Le smalt est un pigment de verre, un matériau relativement peu utilisé comme pigment dans les traditions picturales occidentales. La majorité des pigments minéraux et leurs équivalents inorganiques synthétiques sont cristallins avec une structure à l’échelle moléculaire, constituée d’une charpente ordonnée d’atomes. Les verres en revanche ont une structure désordonnée. Ce sont des substances amorphes et intrinsèquement instables. En conséquence, le smalt est peut-être plus connu pour sa nature fugitive que pour sa superbe couleur bleue lorsqu’il est fraîchement préparé.
Le pigment a une longue histoire. De nombreux pigments inorganiques synthétiques ont été découverts comme sous-produits de la purification des métaux ou de la fabrication des verres. Les verres bleu cobalt sont disponibles depuis l’antiquité en Perse, en Egypte et dans le monde romain et c’est certainement au Moyen-Orient que les technologies sophistiquées de verrerie colorée se sont imposées. Le smalt en tant que pigment a probablement été développé pour la première fois dans cette région; il a été détecté dans la peinture en Asie centrale au 11e à 14e siècles, mais on en sait plus sur sa production et son utilisation dans l’Europe médiévale à partir du XVIe siècle, c’était un pigment largement utilisé au 17e Peinture du siècle. Le nom est dérivé de l’italien smaltare, signifiant « fondre » et il a été fabriqué en fusionnant de l’oxyde de cobalt avec du verre de silice et de la potasse. Le minerai de cobalt était extrait en Saxe, en Allemagne et malgré le nom italien, la Saxe était la principale source de smalt.
Johann von Löwenstern-Kunckel écrit dans son Ars vitriaria experimentalis en 1689 nous dit que pour faire du smalt, le minerai de cobalt traité (oxyde de cobalt) était broyé et mélangé avec du sable et de la potasse puis chauffé dans un four jusqu’à ce qu’il fonde. Cette masse de verre bleu était ensuite plongée dans de l’eau froide qui la rendait friable et elle pouvait ensuite être broyée et vendue comme pigment. Il est clair que le processus a été quelque peu aléatoire; Kunckel nous dit que le produit a été classé du bleu pâle au bleu violet foncé préféré et le prix en conséquence.
La taille des particules de pigment a également un effet important sur la couleur. Gros grain, bleu profond streublau ou le smalt parsemé pouvait être saupoudré sur les surfaces, mais il était granuleux et difficile à travailler comme pigment. Plus la taille des particules était petite, plus le pigment devenait de couleur moins intense et avait une plus grande sensibilité à la décoloration. À la National Gallery de Londres, la série de peintures de Paolo Veronese, Allégories de l’amour, illustre des personnages gambadant contre ce qui aurait dû être un ciel d’été azur méditerranéen ; aujourd’hui, ils semblent être sous-habillés pour une journée ennuyeuse de novembre. Le smalt que Véronèse utilisait comme bleu ciel a maintenant perdu presque toute sa couleur.

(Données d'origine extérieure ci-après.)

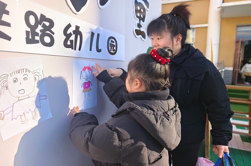孩子们带着精心准备的自画像,满怀欣喜地走进幼儿园。在老师的引导下,大家纷纷将专属自己的自画像,郑重地贴在“生长的力量”主题大板上,用独特的方式留下新学期的第一个印记。一张张可爱的自画像汇聚在一起,构成了充满童真与活力的风景,孩子们驻足打卡、合影留念,脸上洋溢着灿烂的笑容,定格下开学的美好瞬间。

La cause de la décoloration du smalt a fait l’objet de nombreux débats dans les cercles de chimie des pigments. Il a été suggéré qu’il résulte d’un changement de l’état d’oxydation du cobalt ou, plus fondamentalement, d’une réaction entre le milieu huileux et les ions potassium et cobalt pour former des savons. Plus récemment, des études spectroscopiques et analytiques d’Ilaria Cianchetta et de ses collègues ont démontré qu’en raison de l’instabilité inhérente au verre, le potassium s’échappe des particules de smalt au fil du temps.
Alors que ce processus lui-même n’a pas d’impact sur la couleur, son retrait du verre modifie la structure interne et cela affecte à son tour l’état de coordination des ions de cobalt. La rupture qui en résulte d’une coordination octaédrique (dans laquelle le cobalt est lié à six ions oxygène) à une coordination tétraédrique (où il n’y a que 4 oxygènes par ion cobalt) modifie la longueur d’onde de la lumière réfléchie du bleu au gris jaunâtre.